**WORK TO COMPLETE:** When you copy the data, keep every line exactly as written and skip the pictures.

(Recorded data)
━━━━━━

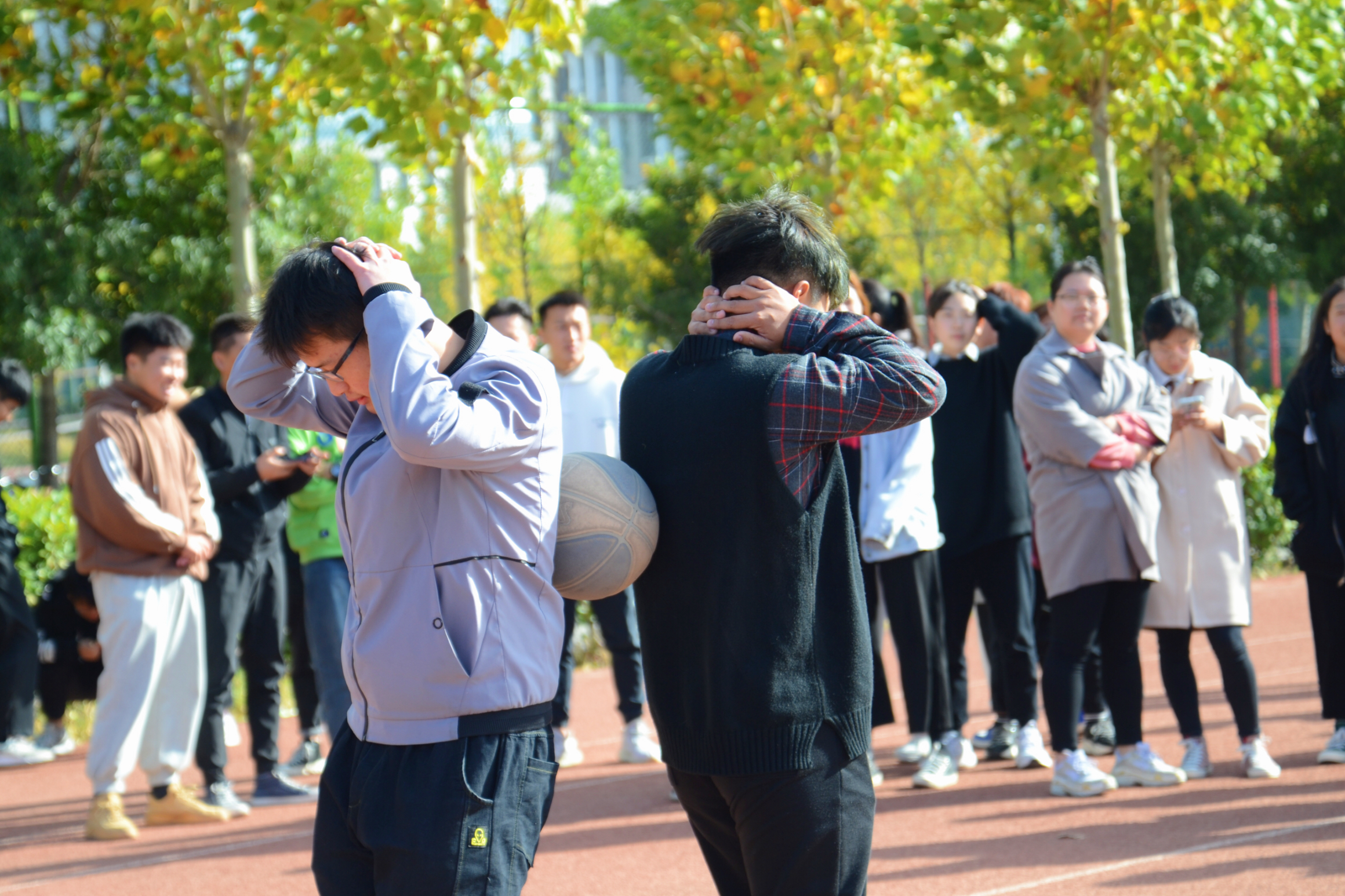 “心心相印”活动,旨在考验两人的默契配合,只有相互信任,相互包容,才能将篮球送达终点。同学们一步一脚印,从慢到快,过程中有失败,但是他们没有放弃,从头再来,坚持完成比赛。
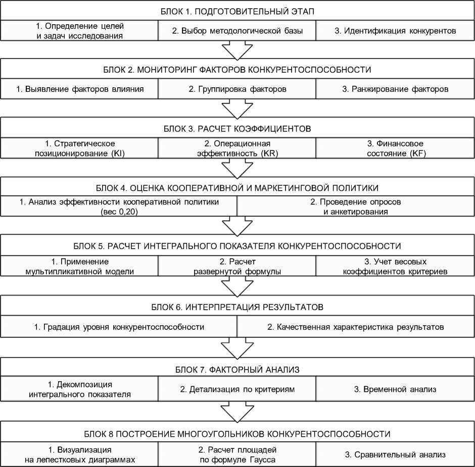Рис. 1. Блок-схема интегрального подхода к оценке уровня конкурентоспособности организаций потребительской кооперации2
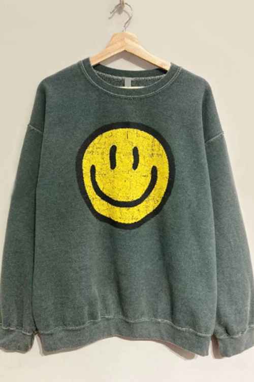 SMILE!…This is the cutest smiley face sweater EVER! Crew neck sweatshirt featuring bright smiley face in the center. Yellow smiley face with black outlines. Mineral wash for gorgeous vintage look. Long sleeves. Gorgeous lavender color.
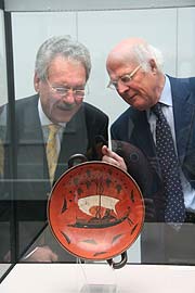 ![]() Ludwig Kaminski, Direktor Alexander S. Onassis Public Benefit Foundation und Prof. Dr. Wünsche, Direktor der Antikensammlung und Glyptothek München vor der Trinkschale des Exekias ![]() ![]() ![]() ![]() Claudia Burckhardt und Götz Argus interpretierten die antike Geschichte ![]() Fotos: Martin Schmitz |
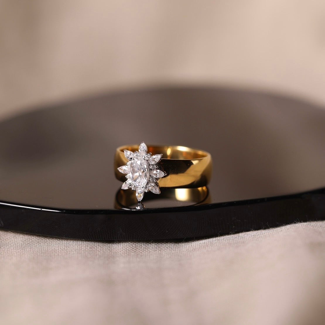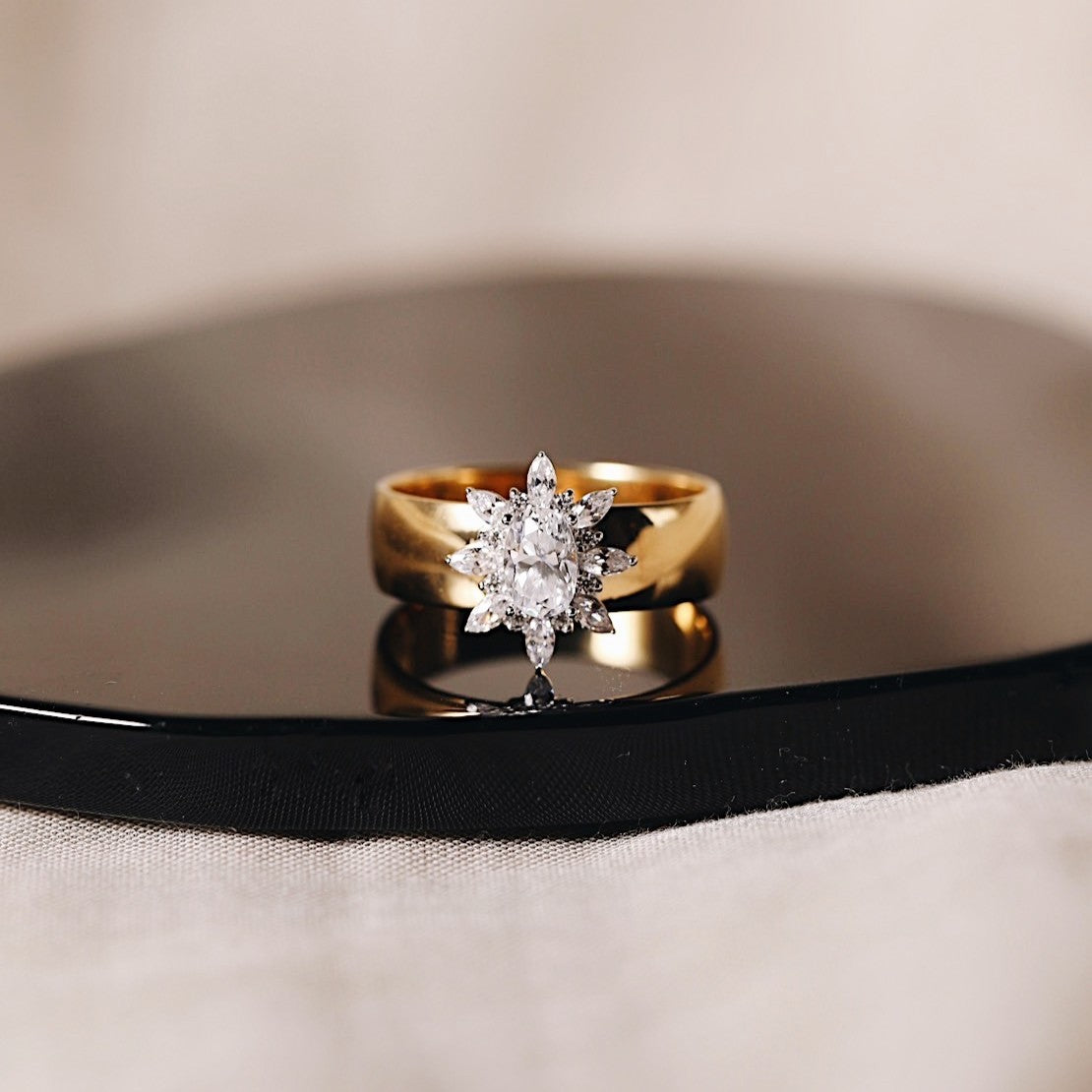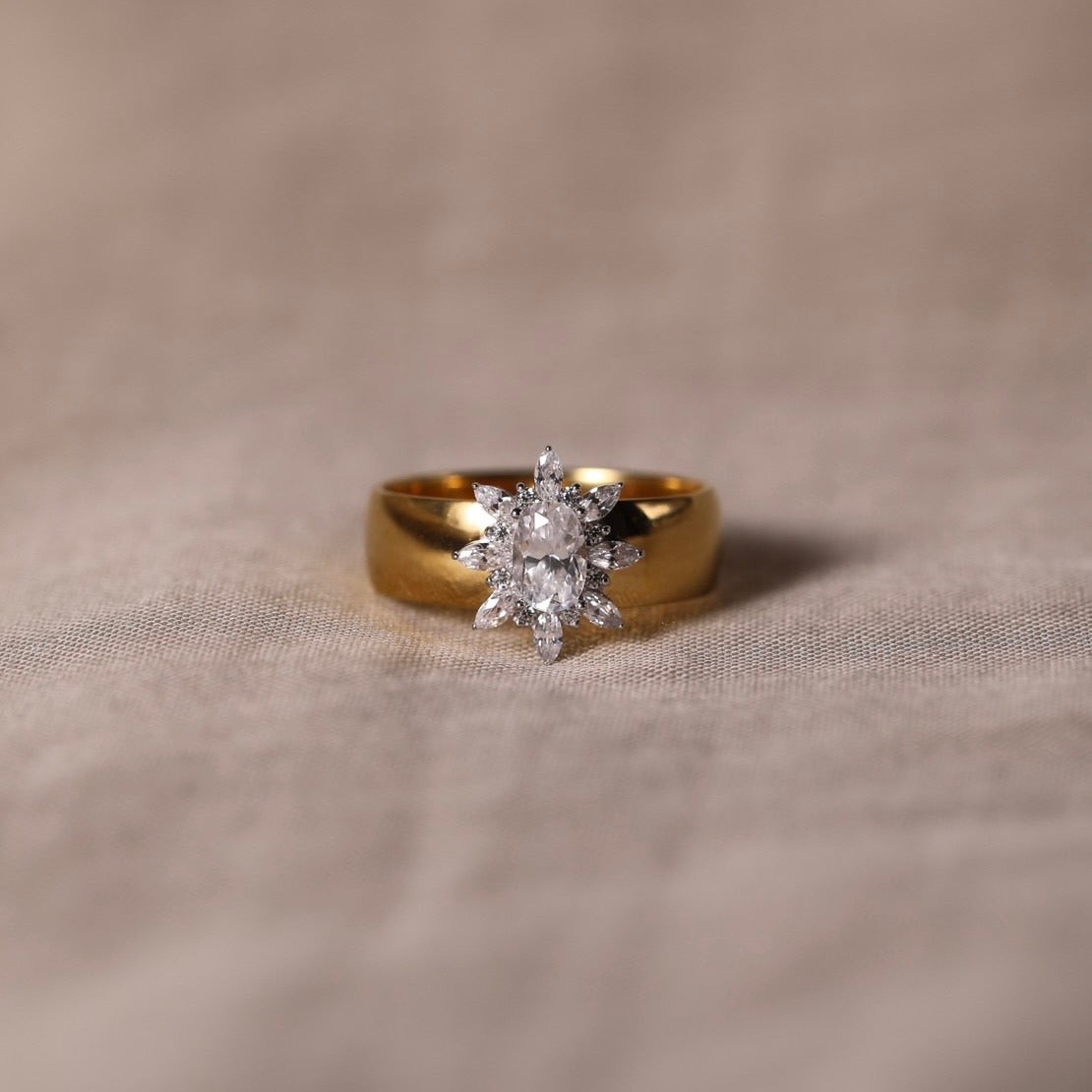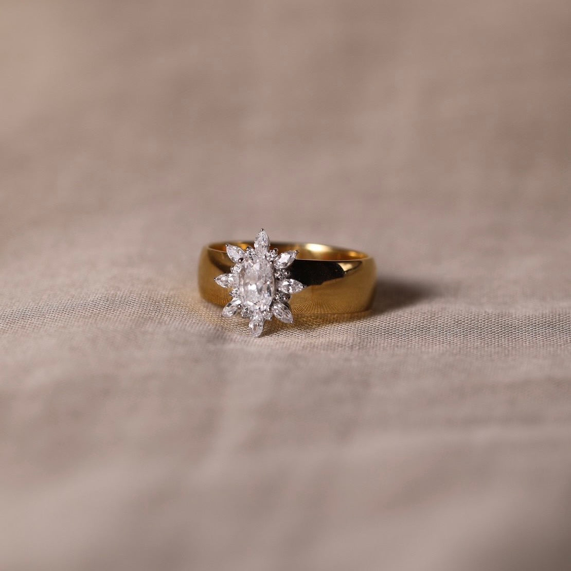 中心には上質なオーバルカットダイヤモンドを配置し、その両側をマーキスカットとラウンドカットのメレダイヤで囲む、贅沢で洗練された装いです。
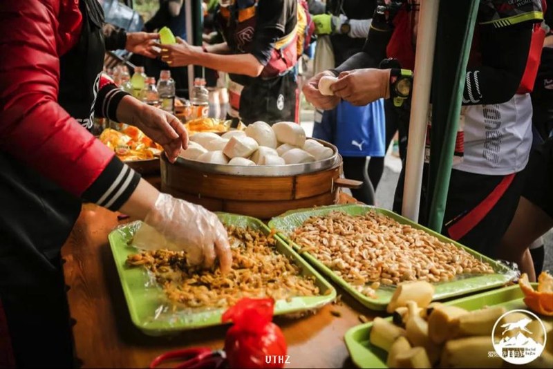 顺利到达CP1双灵村,迅速吞下一个白馒头+榨菜,两把花生米一根香蕉一只芦柑,1500L水袋装满
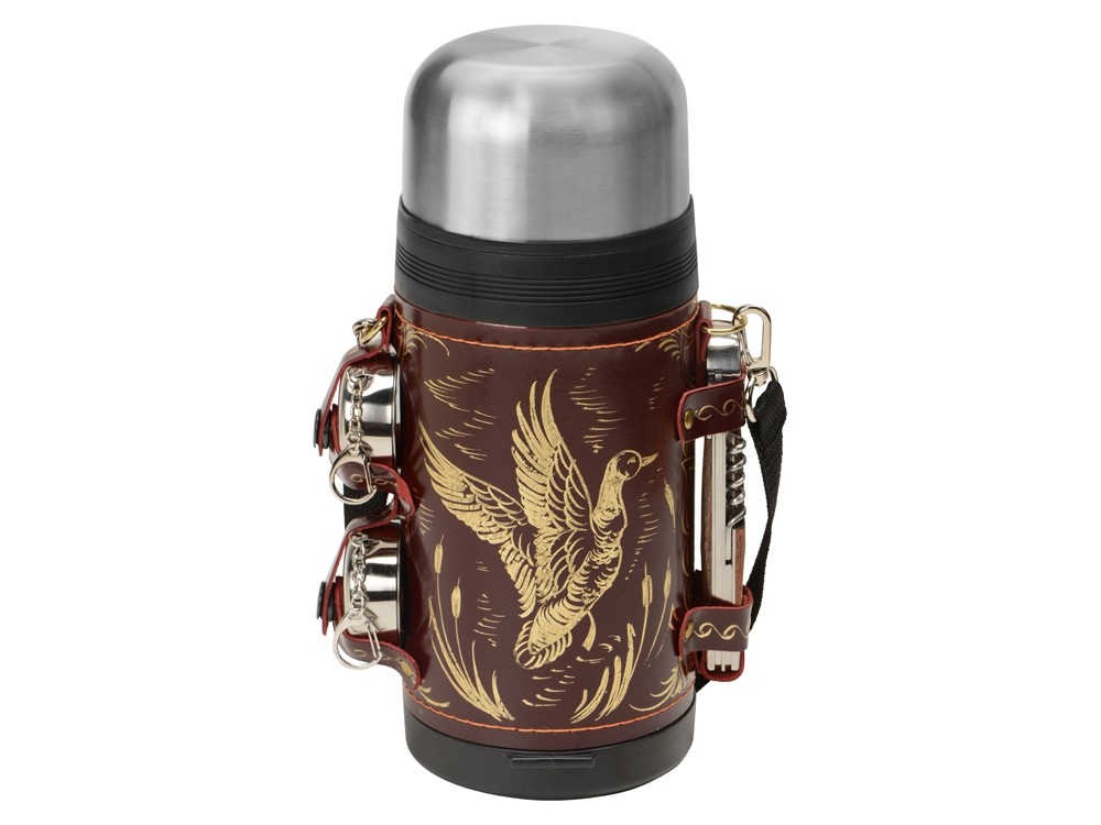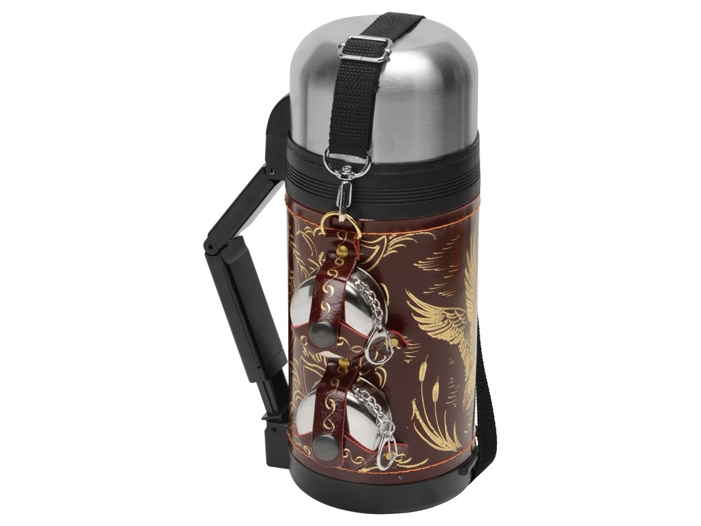 Купить Термос в кожаном чехле, 1,2л, бордовая кожа, с нанесением логотипа компании, индивидуального изображения или гравировкой, Вы можете в магазине корпоративных подарков и бизнес сувениров DIMLE.Более подробную информацию можно уточнить у менеджера по телефону: +7 (977) 760-71-47
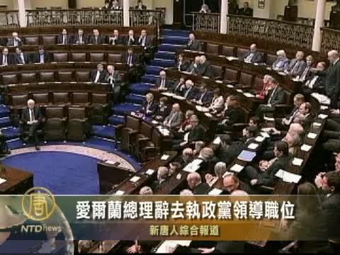 【新唐人2011年1月23日訊】星期六(1月22日),愛爾蘭總理考恩宣佈辭去執政黨領袖一職。不過在3月11日舉行大選前,他將繼續擔任愛爾蘭總理。

━━━━━━

**RESULT OF THIS EXERCISE:**
 “心心相印”活动,旨在考验两人的默契配合,只有相互信任,相互包容,才能将篮球送达终点。同学们一步一脚印,从慢到快,过程中有失败,但是他们没有放弃,从头再来,坚持完成比赛。
Рис. 1. Блок-схема интегрального подхода к оценке уровня конкурентоспособности организаций потребительской кооперации2
 SMILE!…This is the cutest smiley face sweater EVER! Crew neck sweatshirt featuring bright smiley face in the center. Yellow smiley face with black outlines. Mineral wash for gorgeous vintage look. Long sleeves. Gorgeous lavender color.
 ![]() Ludwig Kaminski, Direktor Alexander S. Onassis Public Benefit Foundation und Prof. Dr. Wünsche, Direktor der Antikensammlung und Glyptothek München vor der Trinkschale des Exekias ![]() ![]() ![]() ![]() Claudia Burckhardt und Götz Argus interpretierten die antike Geschichte ![]() Fotos: Martin Schmitz |
 中心には上質なオーバルカットダイヤモンドを配置し、その両側をマーキスカットとラウンドカットのメレダイヤで囲む、贅沢で洗練された装いです。
 顺利到达CP1双灵村,迅速吞下一个白馒头+榨菜,两把花生米一根香蕉一只芦柑,1500L水袋装满
 Купить Термос в кожаном чехле, 1,2л, бордовая кожа, с нанесением логотипа компании, индивидуального изображения или гравировкой, Вы можете в магазине корпоративных подарков и бизнес сувениров DIMLE.Более подробную информацию можно уточнить у менеджера по телефону: +7 (977) 760-71-47
 【新唐人2011年1月23日訊】星期六(1月22日),愛爾蘭總理考恩宣佈辭去執政黨領袖一職。不過在3月11日舉行大選前,他將繼續擔任愛爾蘭總理。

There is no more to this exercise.